10. The method according to claim 1, wherein the method further comprises:

and deleting any byte sequence from the persistence queue when the retry number of the network request corresponding to the any byte sequence stored in the persistence queue exceeds a retry number threshold or the network request is successfully responded.

11. The method according to claim 1, wherein the method further comprises:

storing the received non-responded to network request to a non-persistent queue, the non-persistent queue created based on a volatile memory;

when the number of byte sequences corresponding to the network requests with failed responses included in the persistence queue is larger than a third number threshold, executing the network requests with failed responses, which are read from the persistence queue and are subjected to deserialization processing;

and when the number of the network requests with failed responses included in the persistence queue is smaller than or equal to the third number threshold, respectively distributing a plurality of threads for the persistence queue and the non-persistence queue so as to synchronously execute the network requests which are read from the non-persistence queue and are not responded and the network requests with failed responses read from the persistence queue and obtained through deserialization processing.
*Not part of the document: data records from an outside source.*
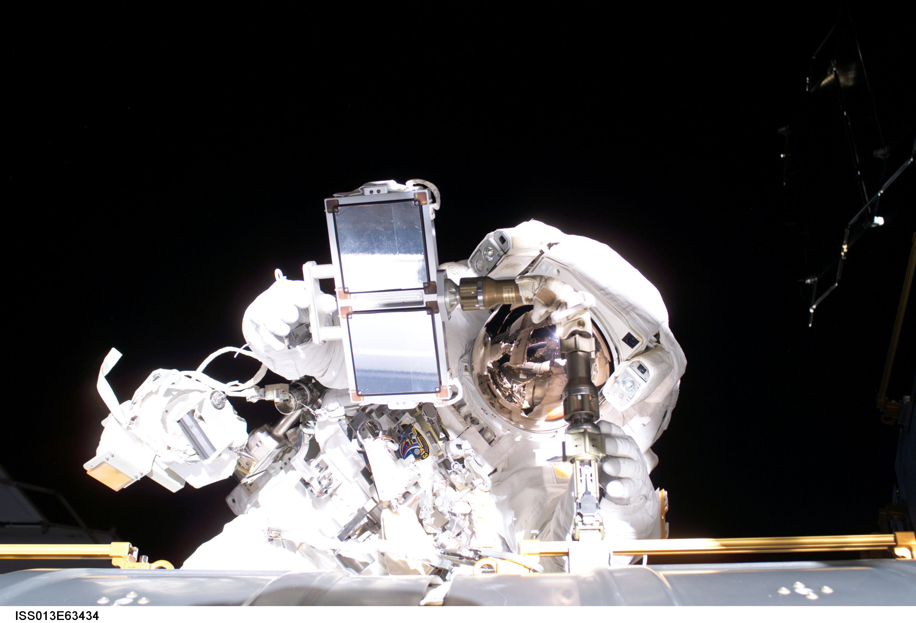 I'm assuming that NASA saw the red outlined and blue outlined ISS-13 patches and told Vinogradov and Williams they could only go with one. |
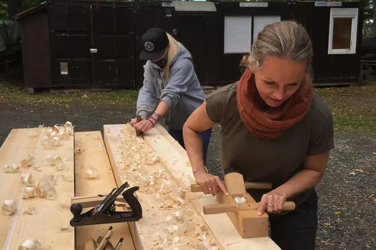 Smedlærling Eilen og strikkehåndverkerlærling Lena høvler emner som skal brukes til å restaurere trebygninger i gamle Drøbak. Høvlene blir laget spesielt på bygningvernsenteret, for at det ferdige produktet skal få et riktig autentisk utseende til sitt bruk. - 4/24
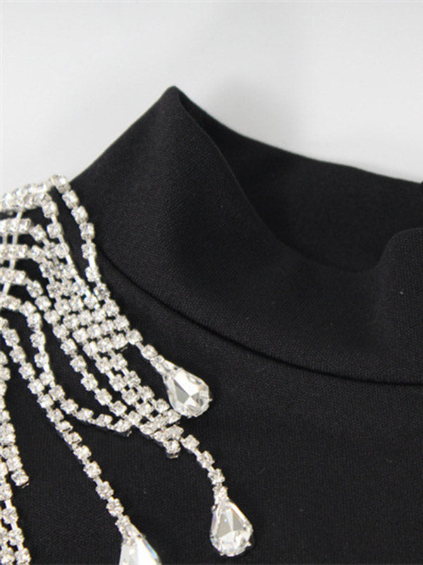 Plataz Sleeves Skinny Back Cross Split-Side Tasseled High Neck Evening Dresses Midi HZ1007
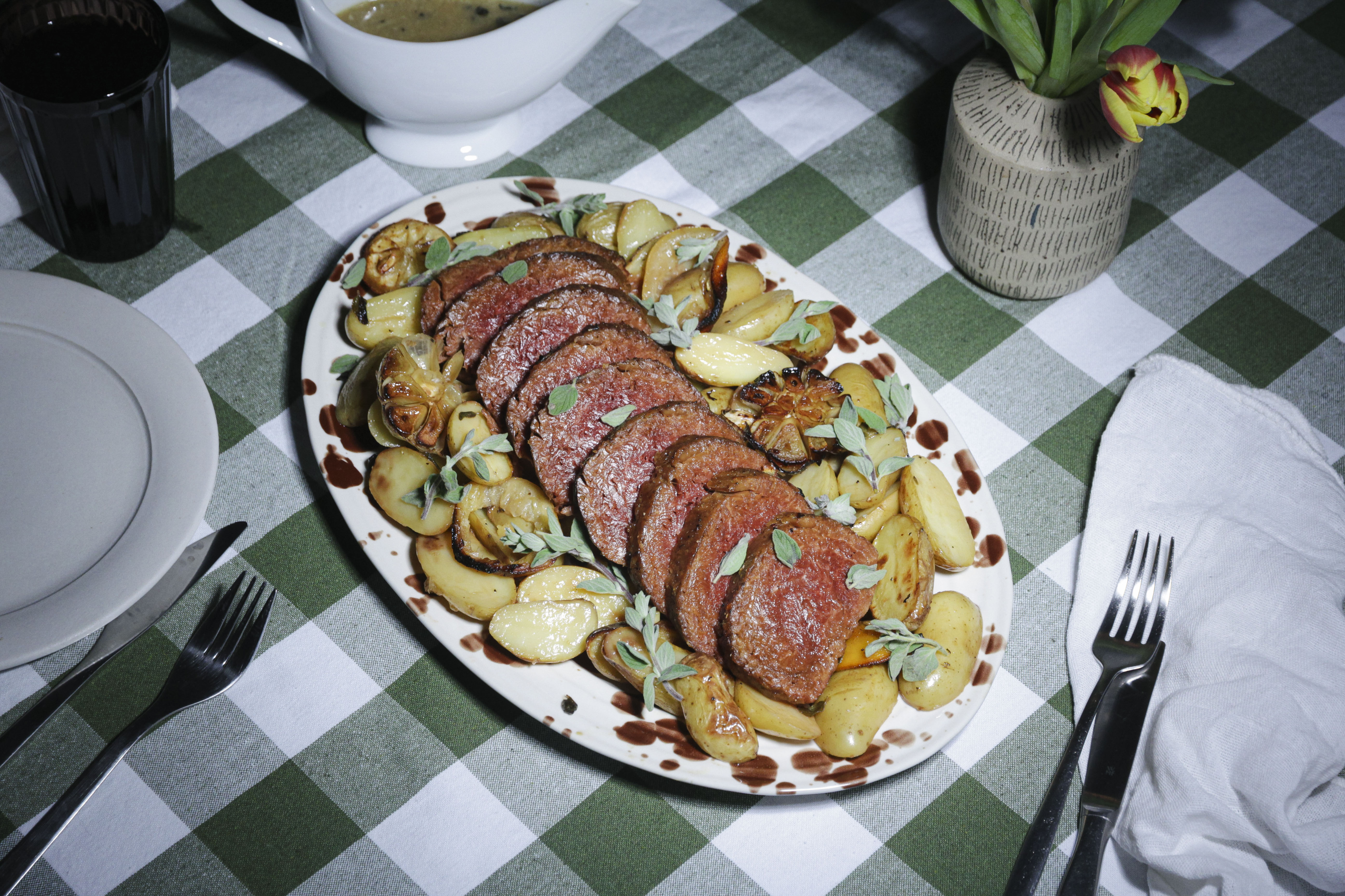 WITH THICK-CUT FILET AND RED WINE
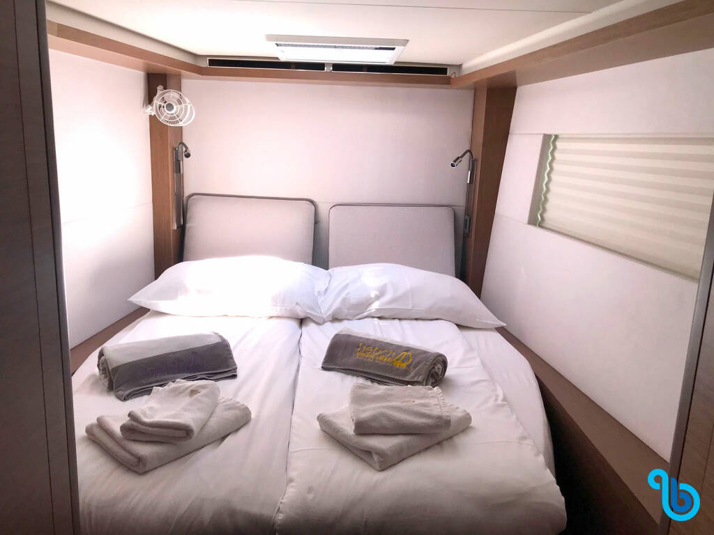Il comandante (skipper) non è incluso nel prezzo della barca. Sarà possibile aggiungere lo skipper durante la procedura di conferma: solitamente il costo è compreso tra 180 e 250€ al giorno più vitto: Lo skipper necessita di una cabina dedicata ma previa verifica, con un operatore BeBlue, sarà possibile richiedere che dorma in dinette (salottino centrale).
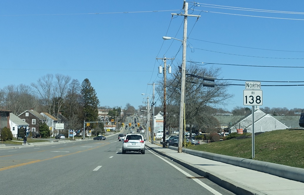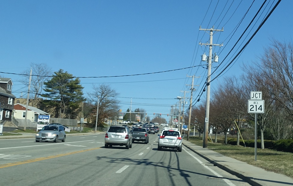 At the light, we’ll approach RI 214. Turn left for 214 north and right for 214 south.
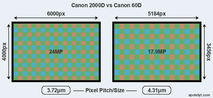 While the two cameras under review share the same sensor size, the 2000D offers a higher resolution of 24 megapixels, compared with 17.9 MP of the 60D. This megapixels advantage translates into a 16 percent gain in linear resolution. On the other hand, these sensor specs imply that the 2000D has a higher pixel density and a smaller size of the individual pixel (with a pixel pitch of 3.72μm versus 4.31μm for the 60D). In this context, it should be noted, however, that the 2000D is much more recent (by 7 years and 6 months) than the 60D, and its sensor will have benefitted from technological advances during this time that compensate for the smaller pixel size.
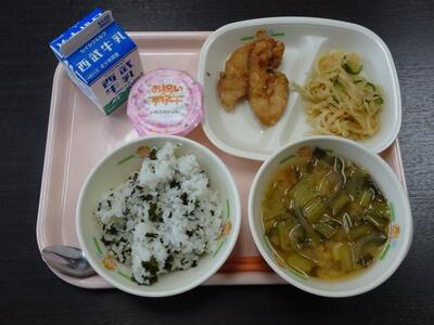 今週の26日で3学期も終わります。今日の給食は、進級お祝い献立ということで、お祝いいちごゼリーがつきました。給食も明日で終了です。

12. The method of claim 11, wherein the synchronously executing the unresponsive network requests read from the non-persistent queue and the response-failed network requests read from the persistent queue and deserialized, comprises:

reading an unresponsive network request from the non-persistent queue through a plurality of threads allocated for the non-persistent queue, and executing the read unresponsive network request;

and reading a byte sequence corresponding to the network request with failed response from the persistence queue through a plurality of threads distributed for the persistence queue, performing deserialization processing on the read byte sequence corresponding to the network request with failed response, and executing the network request with failed response obtained after the deserialization processing.

13. A network request processing apparatus, the apparatus comprising:

the receiving module is used for receiving the serialization processing instruction, wherein the serialization processing instruction comprises a storage mode after serialization processing;

the serialization processing module is used for calling a serialization interface function according to the storage mode so as to carry out serialization processing on the state information of the network request, and a byte sequence conforming to the storage mode is obtained;

The storage module is used for storing the byte sequence corresponding to the network request into a persistence queue, wherein the persistence queue is a message queue created based on a nonvolatile memory;

and the retry module is used for sending the at least one network request obtained after the inverse serialization processing to a channel so as to read and re-execute the read network request from the channel by a container node in the container cluster.

14. An electronic device, comprising:

a memory for storing executable instructions;

a processor for implementing the network request processing method of any one of claims 1 to 12 when executing executable instructions stored in said memory.

15. A computer readable storage medium storing executable instructions which when executed are adapted to implement the network request processing method of any one of claims 1 to 12.